The output shaft was a simpler repeat of the main shaft.






Next is the cylinder ends, pistons and other bits and bobs

Pete


----------



## Blogwitch (May 17, 2010)

Many of you have seen these before, but for those that haven't, this is what Pete is aiming for, the vertical one.






This shows that you don't have to stick religiously to plans, as long as you leave the basic running dimensions in there, you can make them whatever shape and style that takes your fancy.
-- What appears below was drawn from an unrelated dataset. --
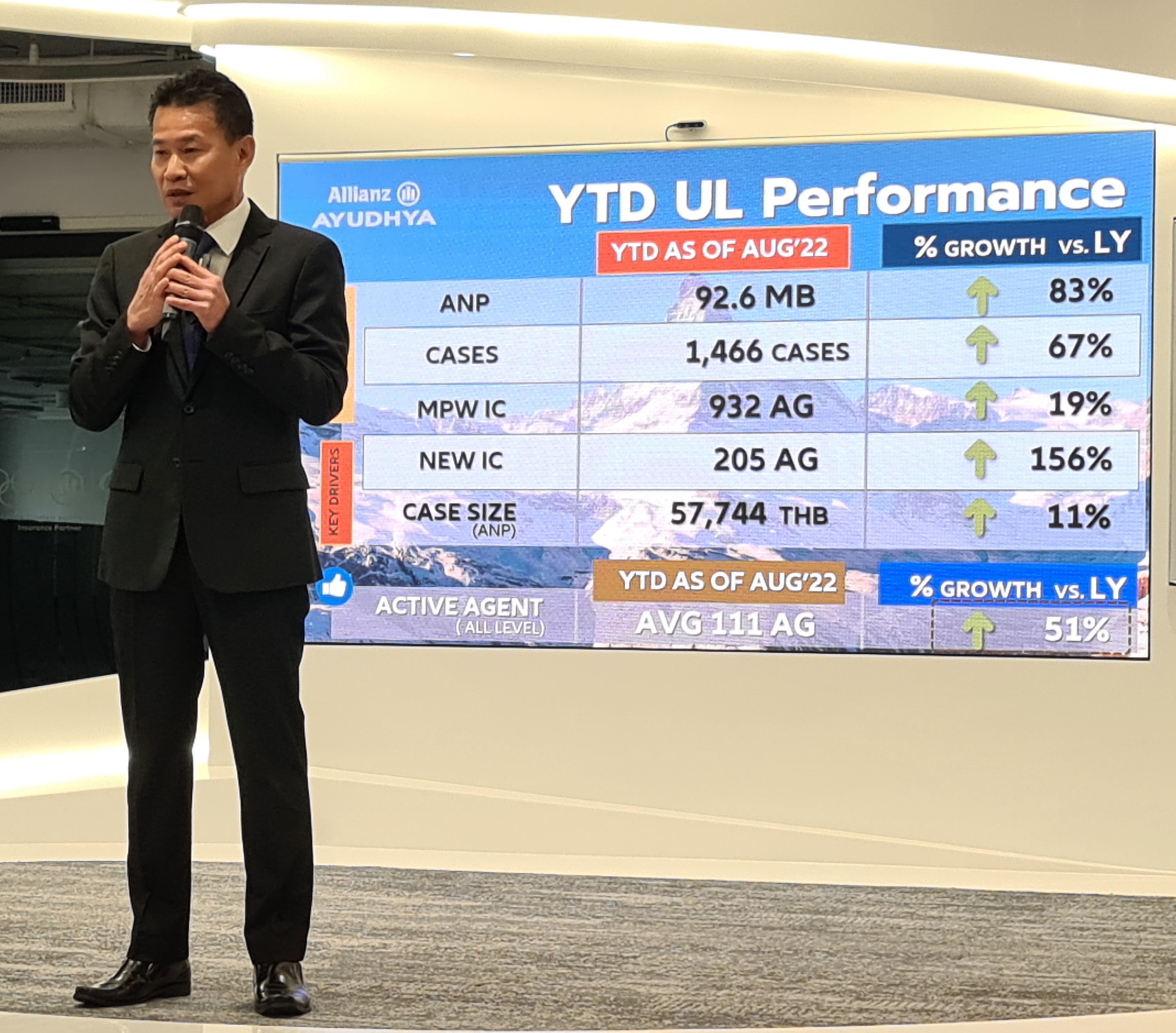 อลิอันซ์ อยุธยา มองเห็นถึงโอกาสในการพัฒนายกระดับตัวแทนให้เป็น “ที่ปรึกษาทางการเงิน” เพื่อสามารถให้คำปรึกษาและช่วยวางแผนให้กับลูกค้าของเราในสถานการณ์นี้ได้ผ่านการเสนอขายประกันชีวิตควบการลงทุน หรือ ยูนิต ลิงค์ โดยใน 8 เดือนที่ผ่านมา เราประสบความสำเร็จอย่างน่าพอใจในการเพิ่มจำนวน “ที่ปรึกษาทางการเงิน” ปัจจุบันเรามีผู้ที่สามารถให้คำปรึกษาทางการเงิน และนำเสนอผลิตภัณฑ์เพื่อการวางแผนการเงิน ให้กับลูกค้า 932 ท่าน โดยตั้งเป้าเพิ่มเป็น 1,000 ท่านภายในสิ้นปี 65 นี้ และมีจำนวนผู้ที่ได้รับใบอนุญาตใหม่ 205 คน เติบโตถึง 156%

The horizontal one was made for going into a paddle boat, but could be converted back to a vertical one in about half an hour.


Bogs


----------



## doubletop (May 18, 2010)

cfellows  said:
			
		

> By the way Pete, here is a project you might want to find plans for so you have a vehicle to put you steam engine in...
> 
> Some of these guys make some darn nice models.
> 
> Chuck



Chuck et al

I asked the guy, who posted the video, where he got the bolier plans from as the engne looks like the one I'm doing. Its a Regner off the shelf item "Midi" http://www.traindept.com/bengmidi.html they originate from Germany.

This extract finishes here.